The fundamental structure of 8 trigrams can not only be extended
to 8x8 = 2^6 = 64 hexagrams,
but also to 24-grams, of which there are 8^8 = 2^24 = 16,777,216.
24-grams are directly related to Golay codes and the Leech lattice.

In that connection,
the hexacode H6 is related to Golay codes and the Leech lattice.
The hexacode H6 can be used to construct
quantum-error-correcting codes that are based on GF(4),
and
an RNA code is based on 4 nucleotides UGAC, taken 3 at a time.
Katya Walter has shown that
the I Ching representation of the DNA genetic code
can be transformed in a natural way to
an I Ching representation of the RNA genetic code.

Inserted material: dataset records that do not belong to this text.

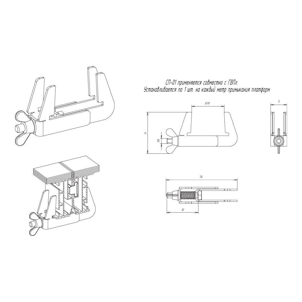 Соединитель платформ СП-01 применяется для жесткой фиксации платформ сцены между собой. СП-01 применяется совместно с ГВПл. Устанавливается по 1 шт. на каждый метр примыкания платформ.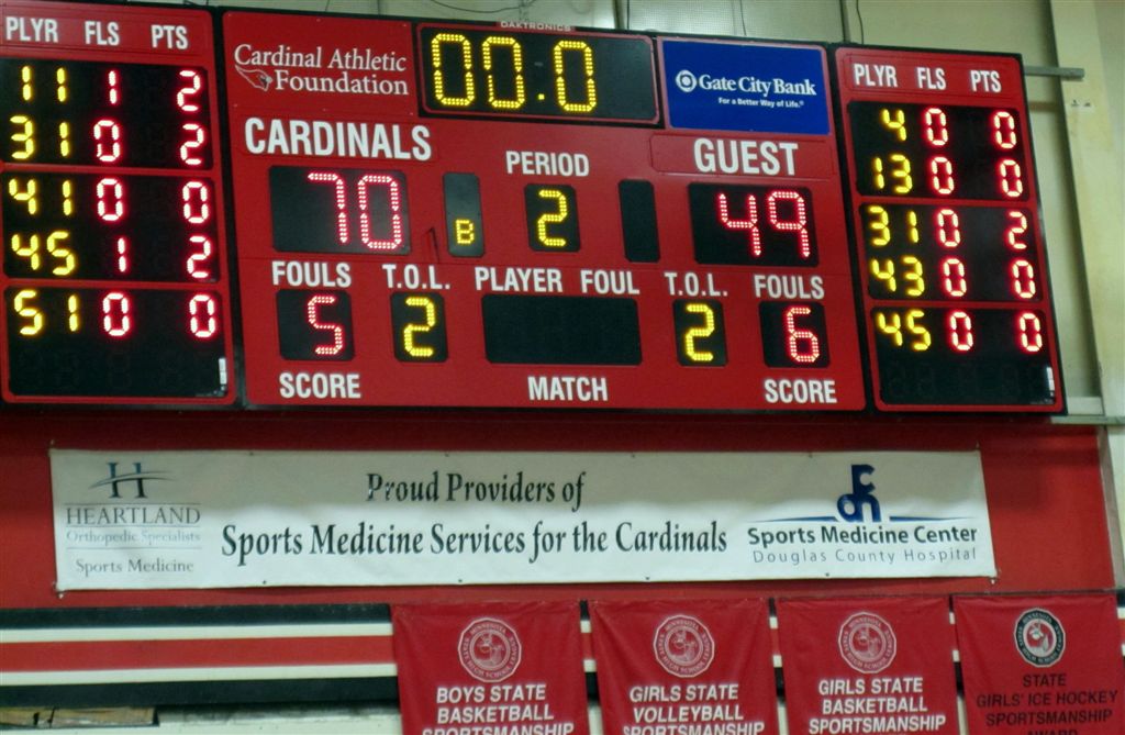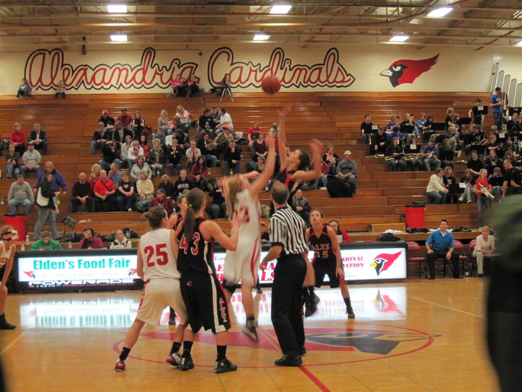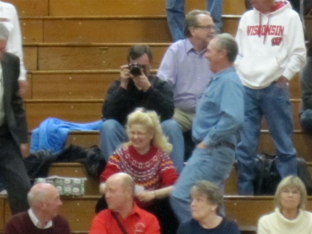 Last night was my lone venture into live sports coverage for the week. The Cardinal girls’ basketball team was hosting their fellow Cardinals from Willmar. Willmar had recently ended Sartell’s undefeated season, so we were expecting a tough match up. The game induced such anticipation that Walleye Willie (see video) made his first appearance at a game this year. I saw Bill arrive and sit courtside with Martin Haar; so I left my usual nosebleed seat and went down to join them – Dusty joined us by game time. We also noticed Super Fans, the Hoymes and the Halversons, had their usual seats above us.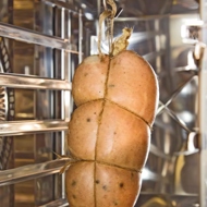 Tightly tie the ends of the sausage on both sides with sturdy twine. Bake in the oven at 176°F for about 6 hours. On average, a 500-gram cooked sausage takes about 3 hours to bake. Accordingly, the heavier the sausage, the longer the cooking process.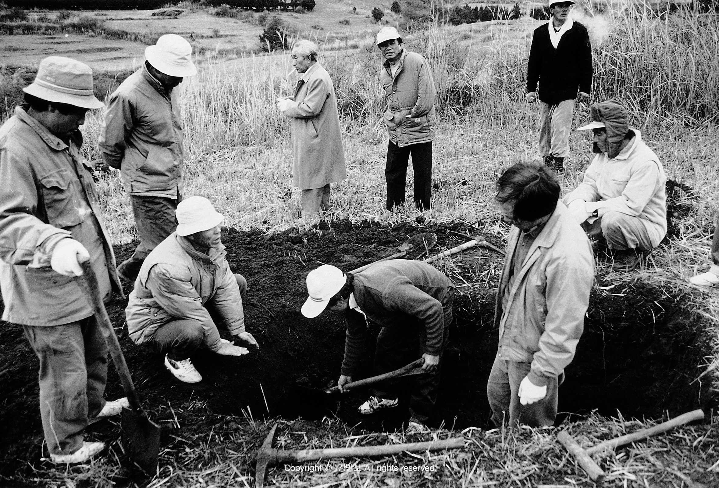 사람이 죽어 장례를 치를 때는 우선 몇사람이 일찍 미리 장해 준 산터자리에 가서  시신이 든 관(곽)이 들어갈 자리 관자리(광)를 파고 있다.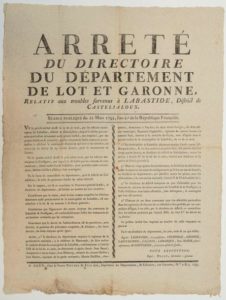 LOT-ET-GARONNE. 1793. RÉVOLTE. « Arrêté du Directoire du Département de Lot-et-Garonne, relatif aux Troubles survenus à LABASTIDE, District de CASTELJALOUX. Séance publique du 12 Mars 1793. » Impr. à AGEN, chez la Veuve NOUBEL & Fils aîné, Imprimeur du Département & Libraires, rue Garonne, N°2 & 3; 1793. Placard (50 x 37,5) Etat A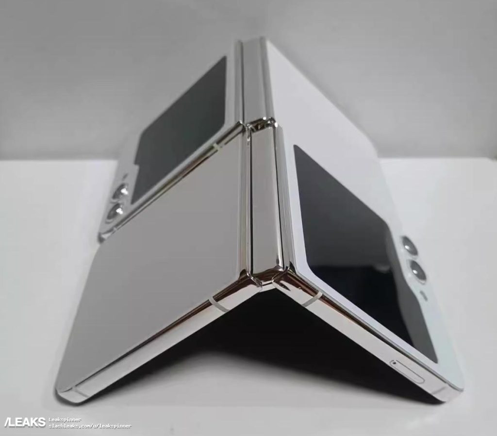 A recent post on Slashleaks features images and a brief video showcasing the dummy unit of the Galaxy Z Flip 5. In the images, you can see a larger folder icon-shaped cover display on the outside, accompanied by two camera modules. The rest of the design seems to be similar to last year’s model, from the fingerprint sensor to the hinge.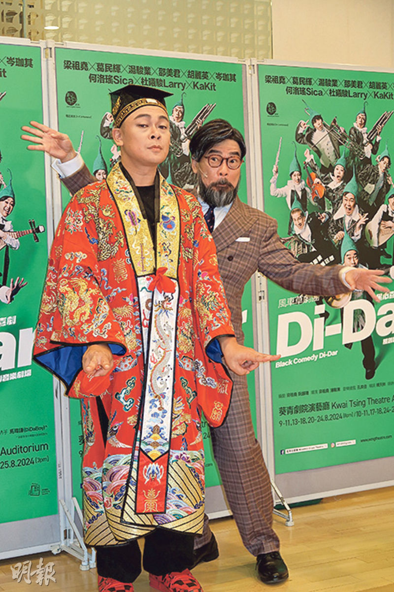 阿葛相隔12年再演舞台劇,謙稱要向新人偷師學習,讚岑珈其教Sica側手翻,後者很快便上手。Sica聞言說:「雖然阿葛是前輩,但合作沒壓力。因他很親民沒架子,有他在場,大家演出安心好多,又會細心分享他的經驗,教我留意咬字發音要清晰。」阿葛上周完成軟硬拉闊音樂會,緊接參演舞台劇,稱劇團很早已找他演校長角色,一早應承,指劇中唱歌跳舞環節只需負責穿插,跟着跳就可以。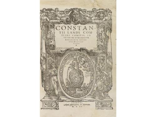 1560. LIBRO. (NUMISMÁTICA). COMPLANI COMITIS, IN VETERUM NUMISMATUM ROMANORUM MISCELANEA EXPLICATIONES. Lugduni: Apud Sebastianum de Honoratius, 1560. 4º menor. 4 h. + 148 p. + 1 h. Portada con grabado xilográfico. Capitales decoradas con motivos florales. Cerco de humedad en la esquina de toda la obra. Ligero moteado de óxido. Enc. en pergamino reciente, lomera rotulada.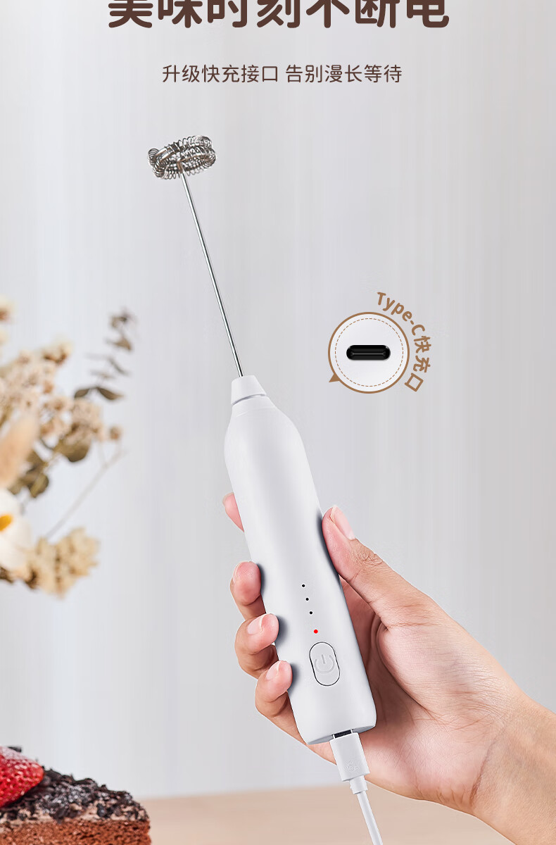 Royalstar electric milk frother, household milk frother, small egg beater, coffee frother, cream whipper, handheld mixer, black - upgraded double spring - long battery life, three-speed speed adjustment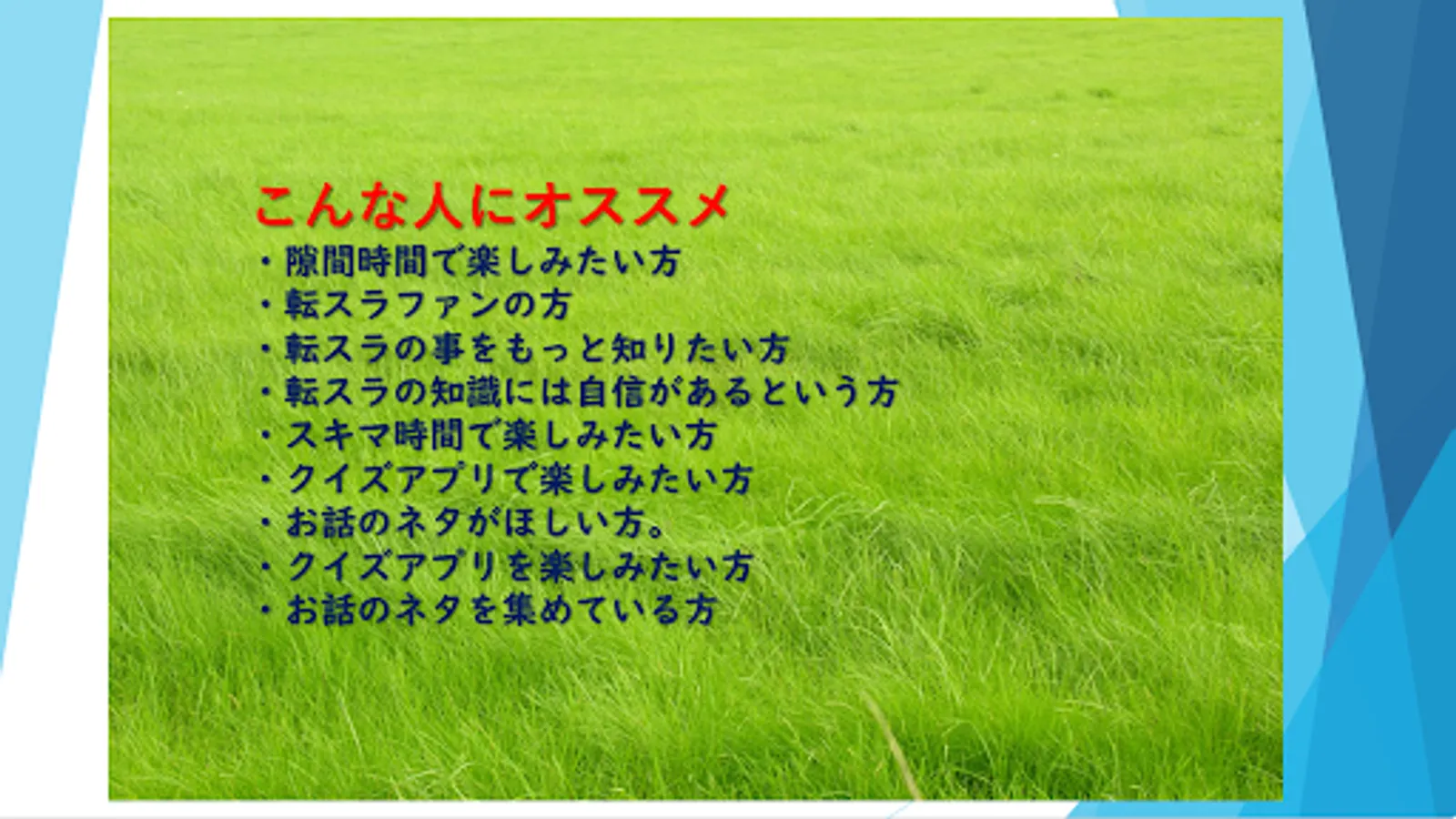 ・ Those who want to enjoy with the quiz app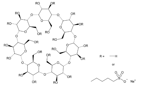 Synoniem: sbe-beta-cd; Sulfobutylether beta-cyclodextrine; Captisol. Beta-cyclodextrine sulfobutylether natriumzouten.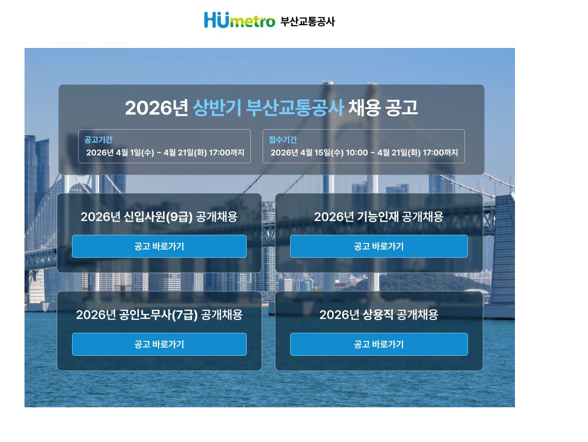 2026년 상반기 부산교통공사 신입사원(9급) 공개채용 공고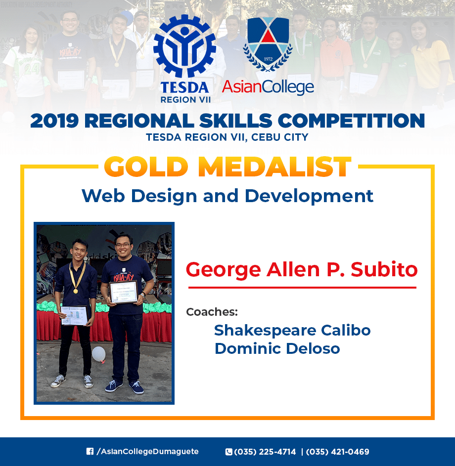 CONGRATULATIONS George Allen Subito who represented Negros Oriental Province for winning a Gold Medal in Web Design and Development Category during the 3-Day TESDA VII – Regional Skills Competition 2019. The competition was held in Cebu City last April 10-12, 2019. Mr. Subito will represent Region VII for the upcoming TESDA – Zonal Skills Competition … Read more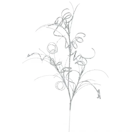 35 Inch Silver Glitter Curly Spray: Set Of 6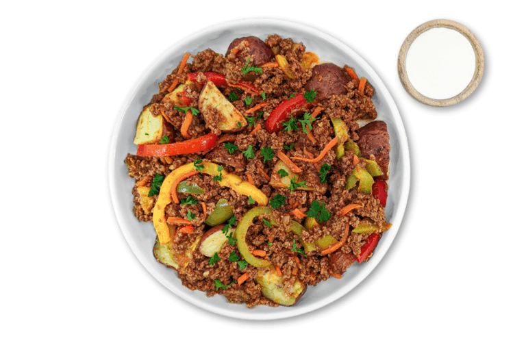 LIFESTYLE – Lean ground beef, red potatoes, peppers and carrots casserole. Served with pressed greek yogurt.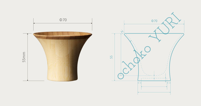 上部に向けて大きく広がる、ゆりの花をイメージしたラッパ型のおちょこ「YURI」。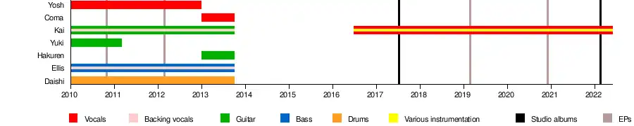 • Kai – guitar (2010–2013, 2016–present), lead vocals, bass guitar, drums, composer (2016–present)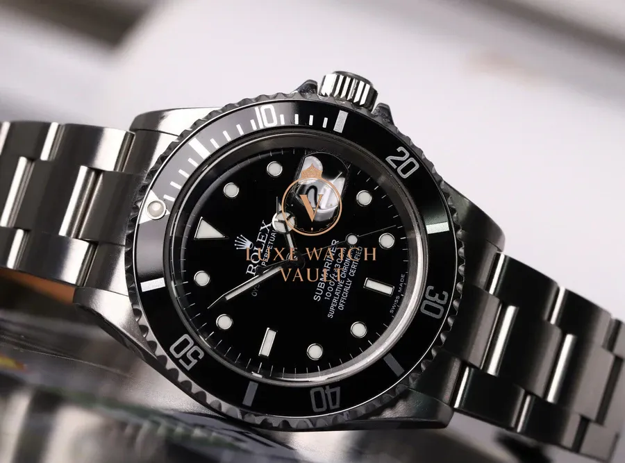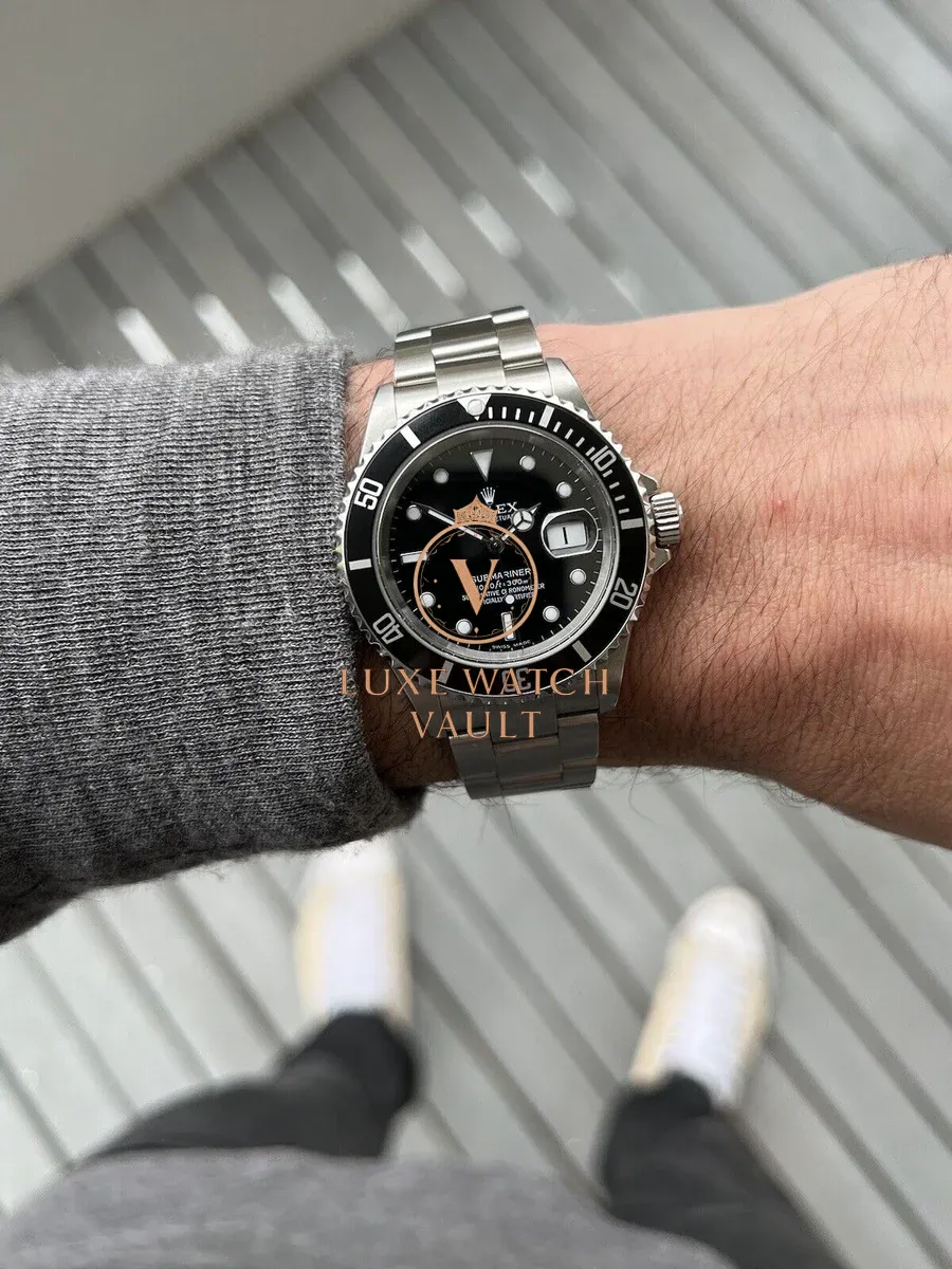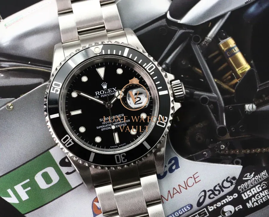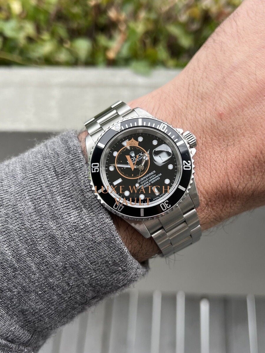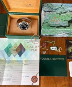 Comes with outer box (correctly stickered with 16610), inner box, booklets, calendar, spare link, both hang tags, stamped and dated papers (expired) and Watch Vault cleaning cloth.

The same fundamental structure is also shared
by Penrose tilings and musical sequences.

Further,
you can represent genetic information by
DNA sequence music (215k wav).

Katya Walter has shown that the representation of the DNA code
by Fu Xi's Ho Tu arrangement of the I Ching is not superficial.
The 55 points of the Ho Tu diagram can be divided into
27 SouthEast points and 28 NorthWest points,
if the central point is put into the NorthWest part.

The G-C base pair has 15 ring atoms and 12 other atoms,
just as the SouthEast part has 15 even points and 12 odd points.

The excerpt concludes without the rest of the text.